Cattle ranchers are hurting too. The crickets eat their hay and alfalfa crops. With beef prices down and feed costs up, the destruction can take a catastrophic toll on an already-thin margin.

Sam Mori, who has raised cattle for the past half century on a sprawling ranch in Deep Creek, feels the economic effects.

“If a guy doesn’t have a job, he can’t afford a steak,” he said last month, holding forth from the seat of an ATV. “His wife is going to buy the cheapest thing she can find.”

Doesn’t anyone care?

About six miles up the road from Lone Mountain Station, the Mormon crickets are on the march. Thousands of them — perhaps even millions — stream across state Route 226, a two-lane highway stretching nearly 40 miles to the small town of Tuscarora and then Deep Creek. The band of bugs is about 50 yards long. They march — and hop — from the brush onto the asphalt, stopping only occasionally to feed on their fallen brothers and sisters.

In this era of cell phone cameras and IMs, why isn’t more attention paid to these infestations?

Victor Bunitsky would like to know.

“If these crickets invaded Las Vegas, all hell would break loose,” said Bunitsky, a lawyer who runs his criminal defense practice from a corner of his bar. “The governor, the mayor, they’d all be there. But we’re one of the cow counties, so they don’t give a (expletive) about us. I’d like to pack up a crate of these bastards and send them to the governor’s office.”

Years of crickets have affected millions of acres and angered dozens of ranchers and residents.
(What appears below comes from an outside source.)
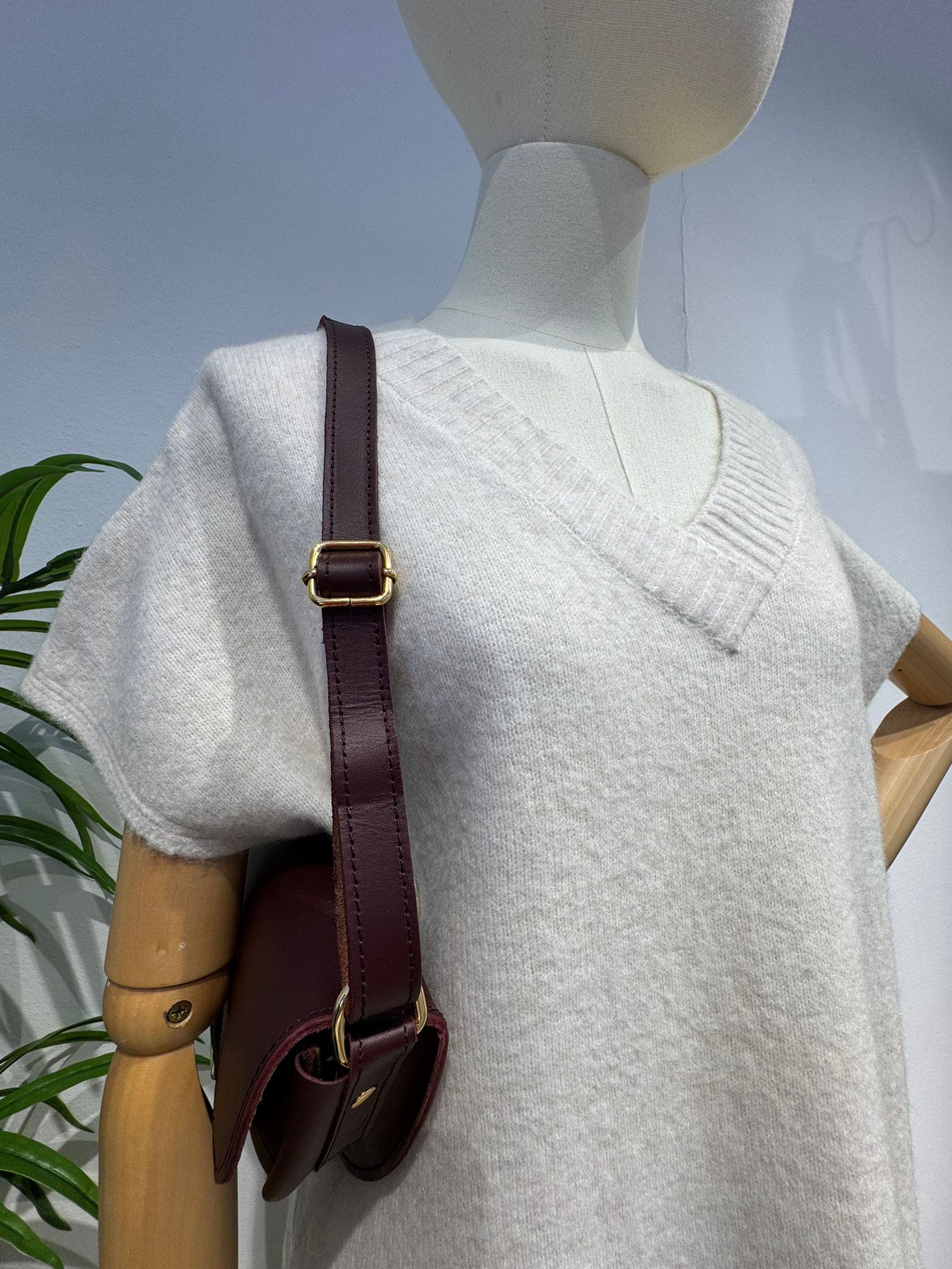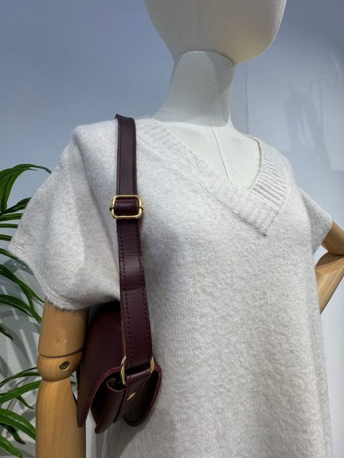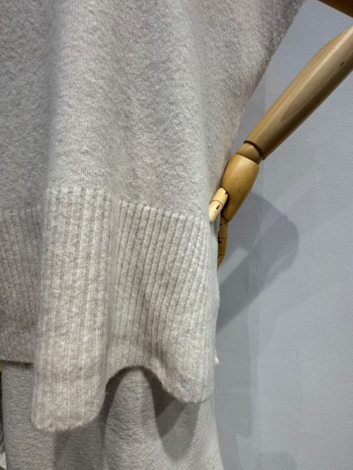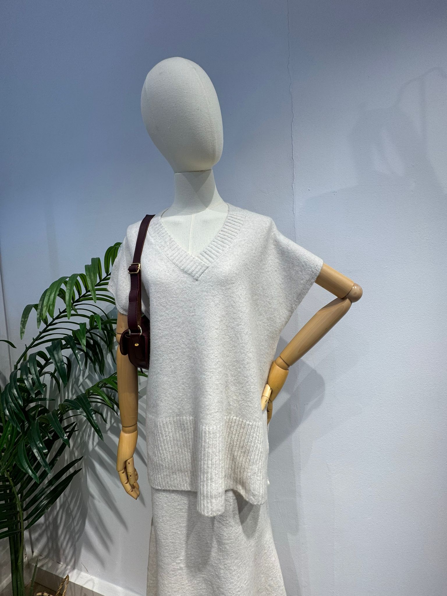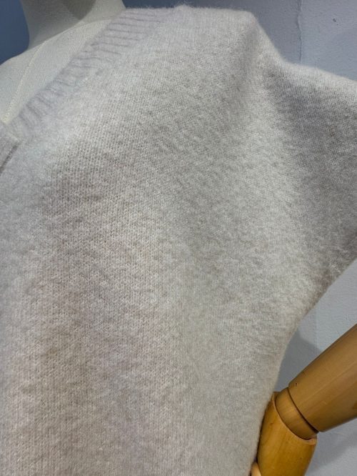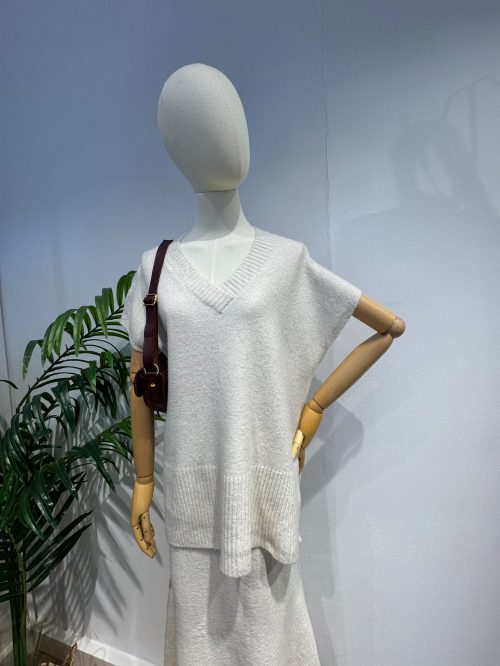 El jersey tiene un corte amplio y relajado con un escote en pico que aporta un toque moderno y desenfadado. Su caída y mangas cortas estructuradas lo hacen perfecto para llevar sobre otras capas finas o solo en días de menos frío.

The cricket menace has the libertarian West calling for government intervention.

“We live in the Old West with satellite TV,” Diana Bunitsky said. “You’re in a neck of the woods where everybody takes care of themselves. But if you’re going to take my tax dollars, I want equal allocation.”
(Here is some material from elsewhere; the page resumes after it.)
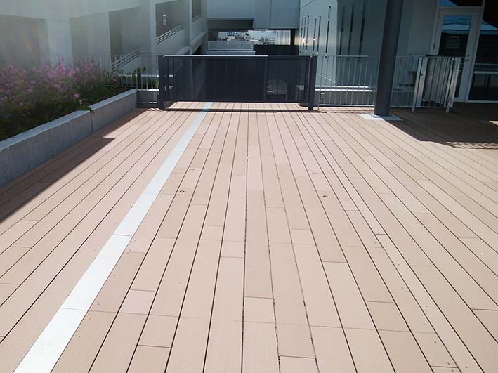 ウッドデッキ材を貼り込める、免震エキスパンションジョイント

The state heard the call and beefed up its cricket control staff. On any given business day, from eight to 12 agricultural inspectors are trolling highways and dirt roads, responding to sightings and mapping the insects’ movements.

Inspectors Aaron Coogan and Paul Havemann travel the countryside in a pickup, hauling a pair of ATVs and bags of something called “Eco Bran,” poisonous oats designed to kill grasshoppers. They spread the bait, but much of their job is public relations.

Mori, the Deep Creek rancher, told the inspectors last month: “You guys did a hell of a job here.” He said the state’s tractor spreader and aerial spraying wiped the crickets off his ranch. “But keep your guard up,” he added, “because they can come back.”

Coogan thought he had seen all the crickets had to offer after four seasons working for the state control program. He’s seen them scale plate-glass windows and heard the stories about them eating paint off houses and chasing mice.

But they surprised him on a hot afternoon last month in Deep Creek. They were not stopped by the water. Dozens gathered on a tree branch, lined up, waiting for their turn to leap onto a telephone wire. One by one, hugging the line, they crossed the creek and advanced on a hillside.

“That’s quite an eye-opener,” Havemann said. “I’ve never seen anything like it in my life. They’re impressive creatures.”

Back in Tuscarora, Moore, along with a few other artists, constructed a giant burlap-and-glue cricket that greets visitors as they enter town.

For all its disdain, Tuscarora was actually celebrating the Mormon cricket this weekend. Residents dressed as crickets and marched in their annual Fourth of July parade. Moore pledged to paint the cricket sculpture red, white and blue for the occasion.

Sporting a Jagermeister T-shirt and a can of mace on a string around her neck, Moore reflected in the hot afternoon sun: “You know, we’re going to miss those crickets when they’re gone.”